* Given data *
☆ ☆ ☆ ☆
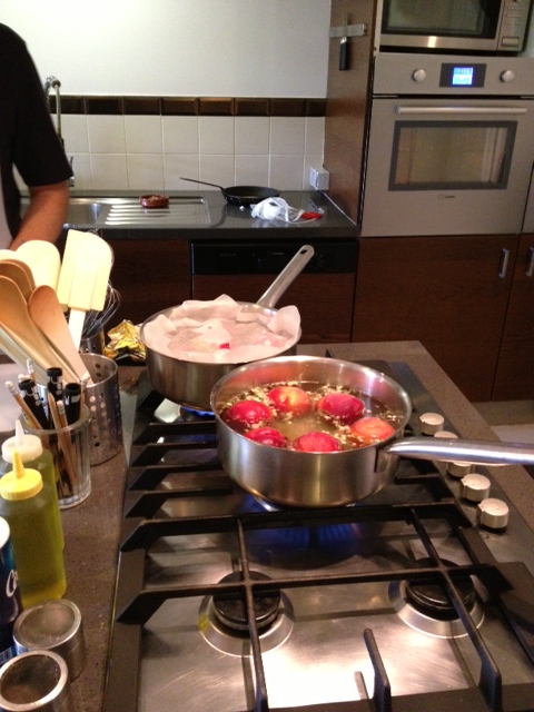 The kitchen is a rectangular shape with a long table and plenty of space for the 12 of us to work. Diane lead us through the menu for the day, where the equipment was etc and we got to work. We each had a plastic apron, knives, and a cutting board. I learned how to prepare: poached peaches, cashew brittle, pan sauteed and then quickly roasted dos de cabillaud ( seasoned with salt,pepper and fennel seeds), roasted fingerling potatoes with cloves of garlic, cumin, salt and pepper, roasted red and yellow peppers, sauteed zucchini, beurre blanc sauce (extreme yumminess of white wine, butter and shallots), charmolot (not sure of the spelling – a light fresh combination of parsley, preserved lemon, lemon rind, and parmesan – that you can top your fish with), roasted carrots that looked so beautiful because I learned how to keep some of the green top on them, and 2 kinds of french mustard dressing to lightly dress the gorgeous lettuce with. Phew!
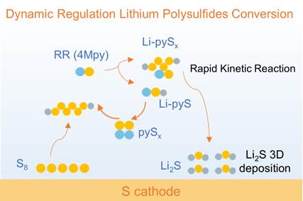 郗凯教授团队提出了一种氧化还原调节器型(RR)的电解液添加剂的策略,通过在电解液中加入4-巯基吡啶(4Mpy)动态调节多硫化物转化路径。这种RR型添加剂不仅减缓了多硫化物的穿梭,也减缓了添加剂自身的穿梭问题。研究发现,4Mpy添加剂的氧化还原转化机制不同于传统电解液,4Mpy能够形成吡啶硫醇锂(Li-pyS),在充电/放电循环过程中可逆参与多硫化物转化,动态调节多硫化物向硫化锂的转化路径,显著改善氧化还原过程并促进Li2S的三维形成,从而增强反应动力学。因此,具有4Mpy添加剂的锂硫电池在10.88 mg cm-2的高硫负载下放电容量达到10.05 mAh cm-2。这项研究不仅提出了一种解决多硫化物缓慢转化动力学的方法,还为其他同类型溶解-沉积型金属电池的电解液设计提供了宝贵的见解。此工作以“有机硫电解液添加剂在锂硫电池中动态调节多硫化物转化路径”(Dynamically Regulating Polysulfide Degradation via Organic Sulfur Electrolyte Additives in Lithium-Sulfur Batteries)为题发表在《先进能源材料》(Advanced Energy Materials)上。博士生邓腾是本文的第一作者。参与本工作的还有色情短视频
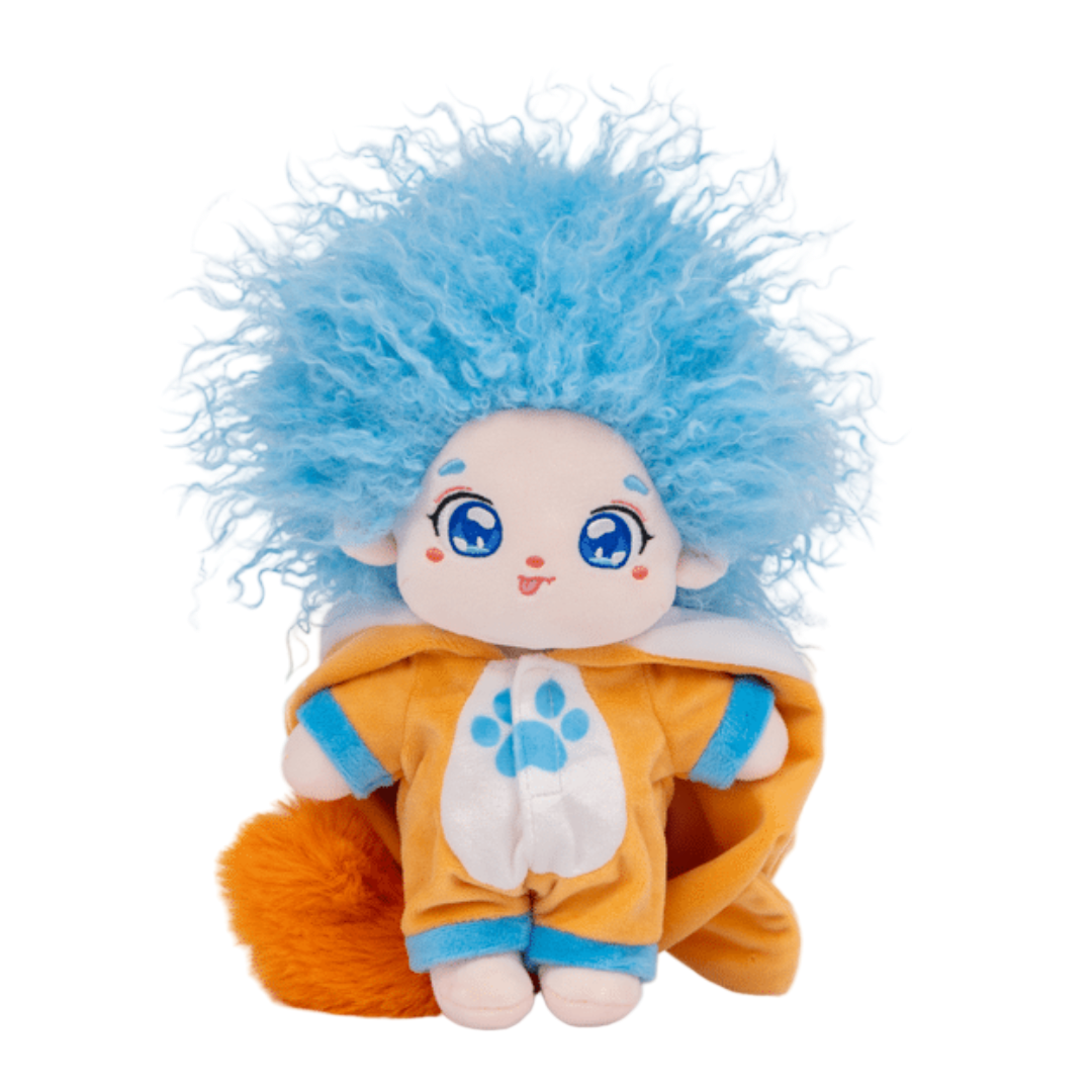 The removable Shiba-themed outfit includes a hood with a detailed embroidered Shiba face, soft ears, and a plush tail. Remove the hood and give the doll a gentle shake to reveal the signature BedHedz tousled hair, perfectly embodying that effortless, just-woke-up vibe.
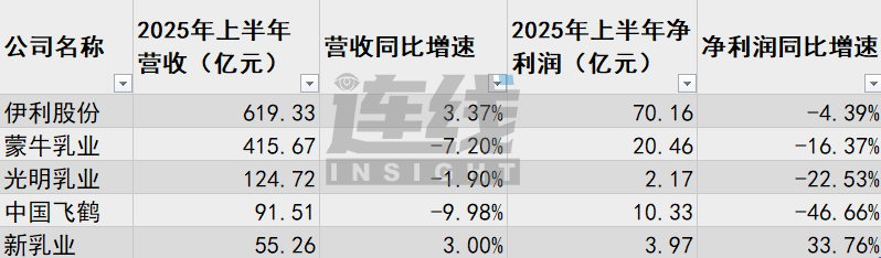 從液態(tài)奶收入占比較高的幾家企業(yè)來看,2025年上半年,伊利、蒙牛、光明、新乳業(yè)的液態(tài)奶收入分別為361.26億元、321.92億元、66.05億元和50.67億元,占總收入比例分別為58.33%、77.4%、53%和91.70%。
☆ ☆ ☆ ☆
* Task details *
The copy should begin at the line containing "The removable Shiba-themed" and end at the last line of the data above; please restate those lines word for word without the pictures.

* Result for this task *
 The removable Shiba-themed outfit includes a hood with a detailed embroidered Shiba face, soft ears, and a plush tail. Remove the hood and give the doll a gentle shake to reveal the signature BedHedz tousled hair, perfectly embodying that effortless, just-woke-up vibe.
 從液態(tài)奶收入占比較高的幾家企業(yè)來看,2025年上半年,伊利、蒙牛、光明、新乳業(yè)的液態(tài)奶收入分別為361.26億元、321.92億元、66.05億元和50.67億元,占總收入比例分別為58.33%、77.4%、53%和91.70%。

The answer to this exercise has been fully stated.